Support Continuous Quality Improvement (Section 7)

  • A broad overarching goal is to improve racial equity in Pennsylvania's child care system. In the DHS Racial Equity Report 2021 more than 50 percent of families enrolled in CCW are Black, despite making up 13 percent of the population in the state. 65 percent of the children enrolled in CCW are attending child care settings with lower ratings (1 or 2 STARS in the Keystone STARS system). Child care settings with 3 or 4 STARS serve the fewest number of families receiving CCW. Within populations identified as Black and White, 31 percent of Black children enrolled in CCW are in STAR 3 or 4 programs as compared to 46 percent of White children enrolled in CCW. In the FY 22-24 plan cycle, a priority will be to equalize the representative enrollments.
  • Keystone STARS Performance Standards were designed to be flexible enough to allow for defining quality in different types of settings including family child care homes (FCCHs), group child care homes (GCCHs), and school-age child care (SACC) programs. Pennsylvania's QRIS is a hybrid system where providers must meet certain foundational standards at STAR 2 but have more flexibility to choose priority activities for points to assist them in moving up in designation.
  • OCDEL has established annual participation goals for each STAR level and monitors the business partners responsible for these quality activities. OCDEL has a strategic progress indicator goal to increase the total number of children enrolled in CCW in STAR 3 or 4 programs from approximately 36.7K (in December 2020) to 47K by May 2025. Also, to decrease time ECE programs remain at STAR 1 and 2 before moving to STAR 3 or 4.
  • In August 2020, OCDEL implemented a new Internal Assessment Process (IAP). With this process, programs can choose from a broader selection of Program Observation Instruments (POIs) that may better meet their assessment of quality needs.

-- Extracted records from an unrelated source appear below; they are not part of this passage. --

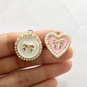 韓国の髪飾りDIY合金部品真珠蝶結び愛の丸いペンダントDIY滴油合金ペンダント材料
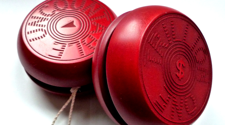 Een trillion dollar munt om de crisis in Amerika tegen te gaan. Heel het plan roept veel vragen op. De jojo staat symbool voor hoe ik tegenover dit idee sta. Geld moet rollen, maar men wil het niet kwijtraken (het touwtje). Hoewel Amerika van de hoge schulden af willen zal het, wanneer ze zo door blijven gaan als nu, weer terugkomen. Uiteindelijk hebben ze het allemaal zelf in de hand. Hoe langer het touw hoe meer ze in het rood komen te staan. De twaalf cirkels die ontstaan door het draaien staan voor de twaalf nullen in een trillion.
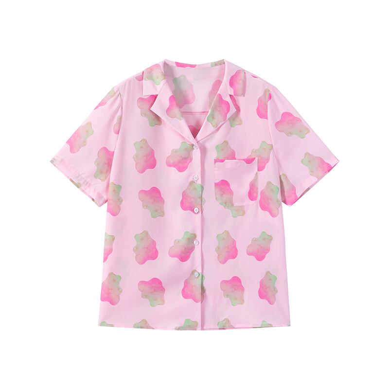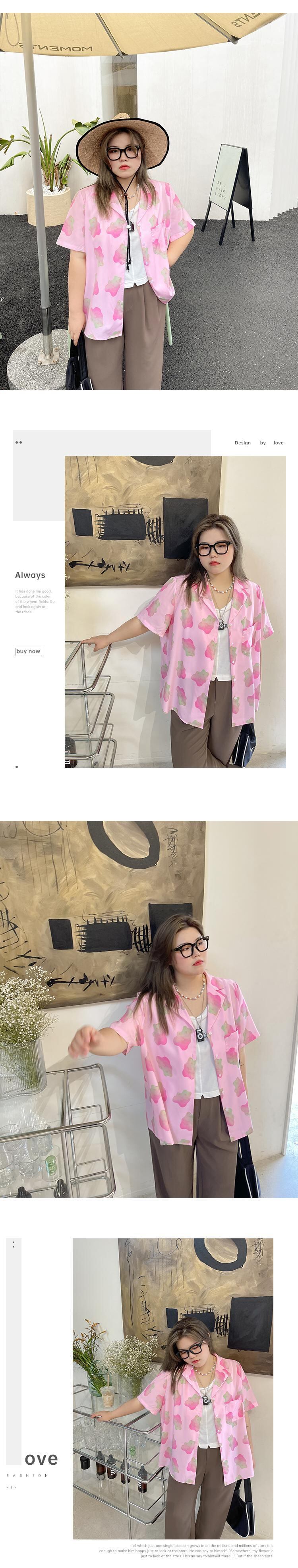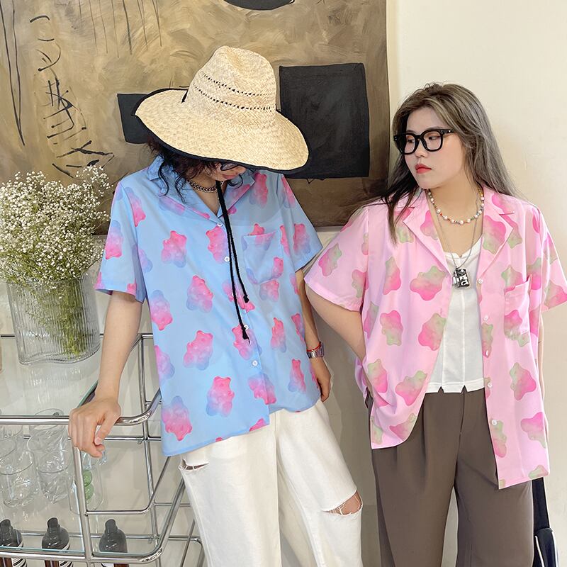 カカは食べない、かっこいい心、太ったmmマカロンカラークマ柄ルーズ半袖シャツ女性 Im_kaka62552340212
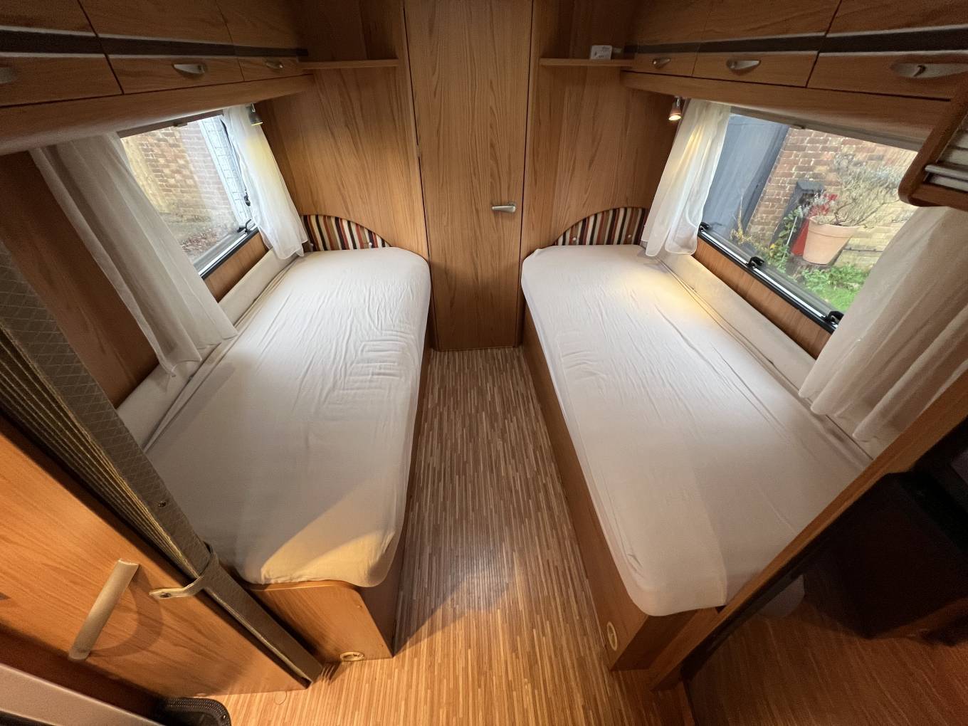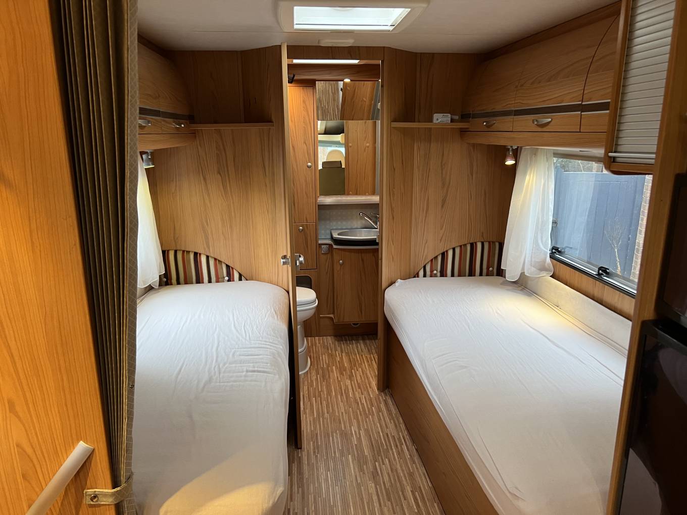 The basic layout is the rear washroom, then 2 single beds, kitchen and dinette, then 2 swivel seats upfront. There is plenty of storage space throughout.

Ensure Grantee Program Integrity and Accountability (Section 8)

  • OCDEL participates in risk assessment of activities and audits conducted by external auditing firms and/or other State agencies, as it relates to CCDF. These audits have revealed there are no gaps in processes or procedures and no internal control deficiencies.
  • Pennsylvania participates in the triennial Federal Improper Payments Error Rate Review for the CCDF program and a separate triennial Monitoring of CCDF activities by the Office of Child Care.
  • OCDEL uses the Performance Standards Monitoring Tool to provide monitoring consistency across all ELRC sub-grantees. The Monitoring Tool addresses customer service, including resource and referral, caseload management which includes eligibility and policy compliance, and Administration, which addresses funds management. ELRCs are informed of the results of the monitoring and a plan of correction may be required If deficiencies exist.